> [Exercise prompt] Keep the images out and copy every entry below exactly.

Items from a dataset:
§ §

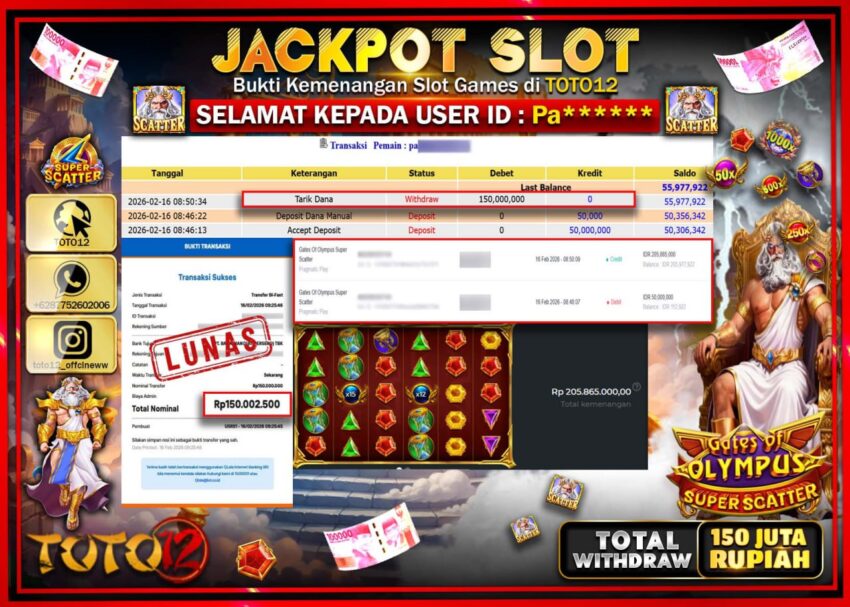 Selamat kepada Member Kami Pa******* Telah Jackpot dan berhasil mendapatkan kemenangan besar pada permainan JACKPOT SLOT GAME (GATES OF OLYMPUS SUPER SCATTER) Dengan Kemenangan Sebesar Rp.150.000.000–.
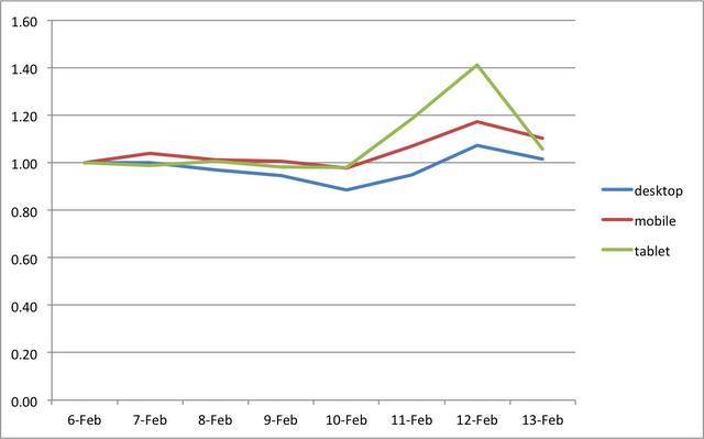 而对于没有情人的单身族们来说,平板设备或许是您最好的伴侣。通过分析我们发现,情人节之前的一周,对交友网站的大量搜索中,来自平板设备搜索请求的增幅远远大于台式电脑或者智能手机。寻求一夜情的单身人士们,最终结果似乎并未如愿,不得不与平板设备一起过情人节了。
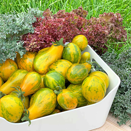 Не могут ни привлечь внимание огромные увесистые кисти с маленькими грушевидными арбузиками. Сладкие, нежные, сочные, с пряными нотками. Мякоть лаймового цвета, тает во рту. Шкурка тоненькая. Замечательно смотрится в нарезке. Сорт среднеспелый полудетерминантный. Кусты высокорослые. В одной кисти до 30 помидоров. Высокая урожайность независимо от условий выращивания. Формируем в 3-4 стебля.
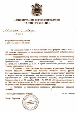 13 января в распоряжение редакции попало распоряжение администрации Псковской области № 289-р «О приобретении имущества в собственность области», подписанное Михаилом Кузнецовым 22 декабря 2005 года.
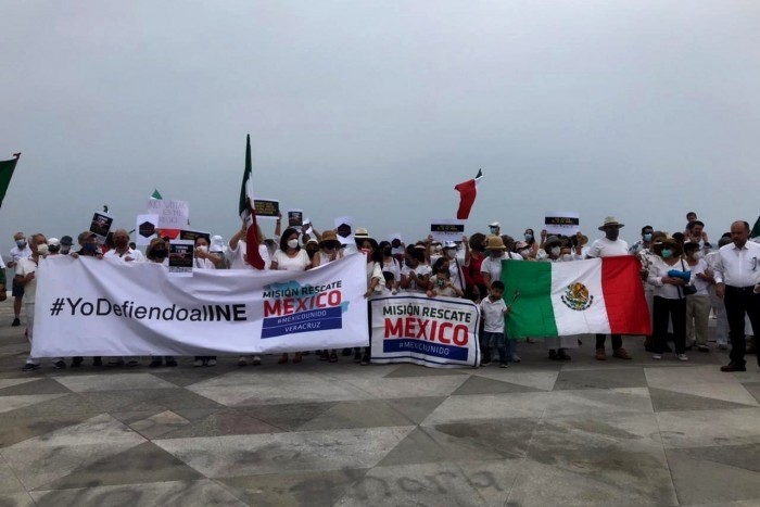 Integrantes del movimiento Misión Rescate México se reunieron en la plaza de la Soberanía del boulevard Manuel Ávila Camacho para manifestar su rechazo a la revocación de mandato que impulsa el presidente de la República Andrés Manuel López Obrador y que se realizará el próximo 10 de abril.

§ §

> [Written response]
 Selamat kepada Member Kami Pa******* Telah Jackpot dan berhasil mendapatkan kemenangan besar pada permainan JACKPOT SLOT GAME (GATES OF OLYMPUS SUPER SCATTER) Dengan Kemenangan Sebesar Rp.150.000.000–.
 而对于没有情人的单身族们来说,平板设备或许是您最好的伴侣。通过分析我们发现,情人节之前的一周,对交友网站的大量搜索中,来自平板设备搜索请求的增幅远远大于台式电脑或者智能手机。寻求一夜情的单身人士们,最终结果似乎并未如愿,不得不与平板设备一起过情人节了。
 Не могут ни привлечь внимание огромные увесистые кисти с маленькими грушевидными арбузиками. Сладкие, нежные, сочные, с пряными нотками. Мякоть лаймового цвета, тает во рту. Шкурка тоненькая. Замечательно смотрится в нарезке. Сорт среднеспелый полудетерминантный. Кусты высокорослые. В одной кисти до 30 помидоров. Высокая урожайность независимо от условий выращивания. Формируем в 3-4 стебля.
 13 января в распоряжение редакции попало распоряжение администрации Псковской области № 289-р «О приобретении имущества в собственность области», подписанное Михаилом Кузнецовым 22 декабря 2005 года.
 Integrantes del movimiento Misión Rescate México se reunieron en la plaza de la Soberanía del boulevard Manuel Ávila Camacho para manifestar su rechazo a la revocación de mandato que impulsa el presidente de la República Andrés Manuel López Obrador y que se realizará el próximo 10 de abril.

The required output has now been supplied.